CIRSS Director Professor Bertram Ludäscher presented the keynote address at WORKS 2015
November 15, 2015
(Originally published at the GSLIS newsroom)
From the abstract: An often touted advantage for using scientific workflow systems is their ability to capture provenance information during execution. The idea is that a controlled environment such as a workflow system makes it easy to record relevant observables, e.g., data read and write events. The captured provenance can then be used to document data lineage, to debug faulty runs, to speed up reruns of workflows by reusing unchanged parts, or more generally, to support the reproducibility of computational science experiments. In this talk, I will first give an overview of different notions, forms, and research questions around data and workflow provenance. . . . In the second part of the talk I will take a critical look at the current use of provenance information from scientific workflows and scripts and argue that open, interoperable tools are needed that can combine different forms of available provenance, e.g., recorded or reconstructed retrospective provenance together with prospective provenance given by a workflow specification or via high-level user-defined annotations in scripts. To this end, I will describe YesWorkflow, a new project and toolkit under development that combines different forms of provenance information to allow users to answer questions about the data created and used during workflow runs and script executions.

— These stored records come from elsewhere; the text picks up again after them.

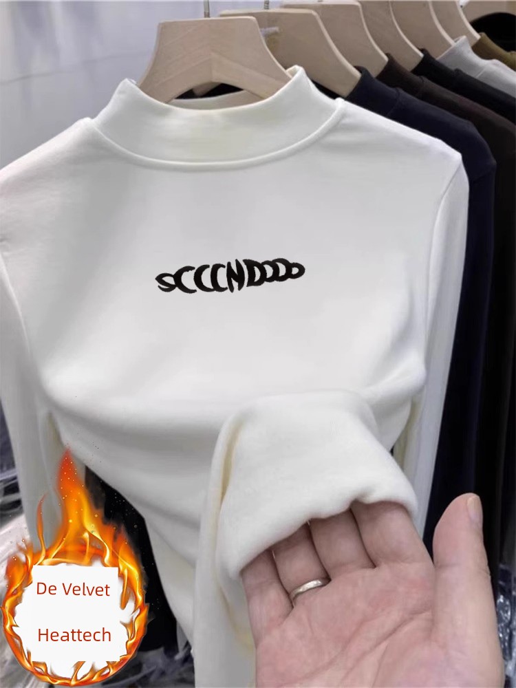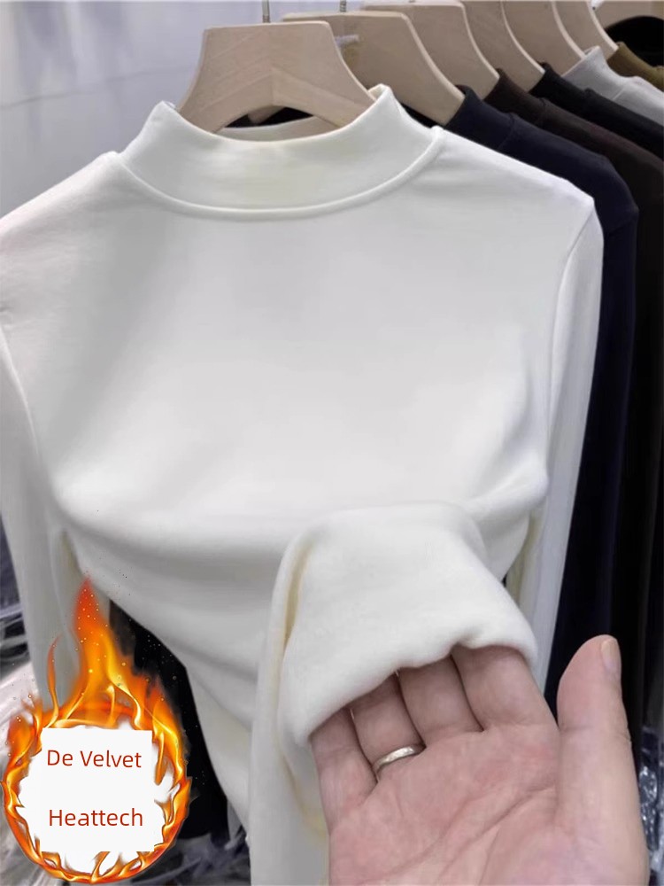 Осенне-зимняя футболка из дралона с половиной воротника-гольф, женский уникальный маленький топ, белая футболка с длинным рукавом, внутренняя одежда, Heattech, модная нижняя рубашка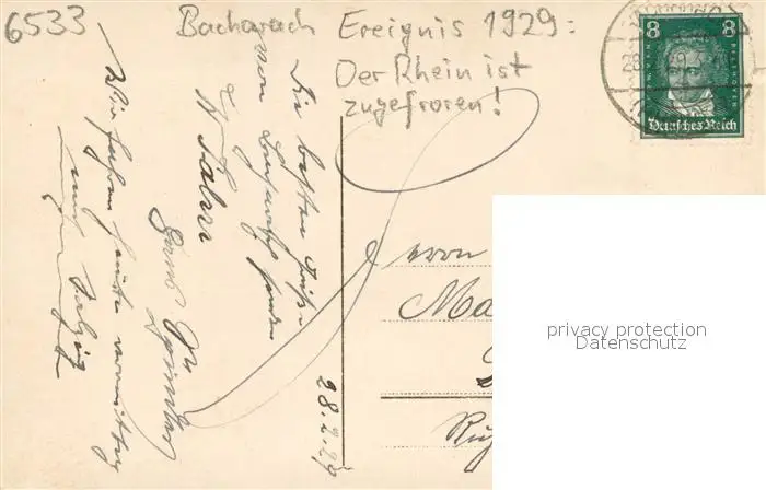 Bacharach_Rhein Zugefrorener Rhein 1929 Bacharach Rhein postalisch gelaufen 1929 Erhaltung siehe scans [WerneD78] WernPID7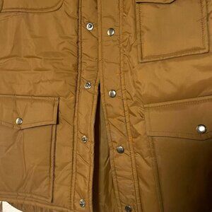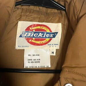 Classic Dickies quilted work vest in caramel/tan with snap front and four utility pockets. Made in Taiwan R.O.C. nylon shell, nylon lining, poly fill. Fits like Men’s Medium—see measurements. Flaw: light discoloration marks near lower placket/hem (see photos). Clean overall and priced with flaw in mind.

Dr. Ludäscher, the director of the Center for Informatics Research in Science and Scholarship (CIRSS) at GSLIS, is an expert in data and knowledge management, focusing on the modeling, design, and optimization of scientific workflows, provenance, data integration, and knowledge representation. He is one of the founders of the open source Kepler scientific workflow system project and a co-lead of the DataONE Working Group on Provenance in Scientific Workflows. Ludäscher also develops workflow technology for quality control and data curation; e.g., of biodiversity data in natural history collections. He leads the NSF-funded Euler project, where he is developing logic-based methods for the alignment and merging of biological taxonomies. In addition to his role at GSLIS, Ludäscher holds an appointment at NCSA and an affiliate appointment at the Department of Computer Science. He received his MS in computer science from the Technical University of Karlsruhe in 1992 and his PhD in computer science from the University of Freiburg in 1998.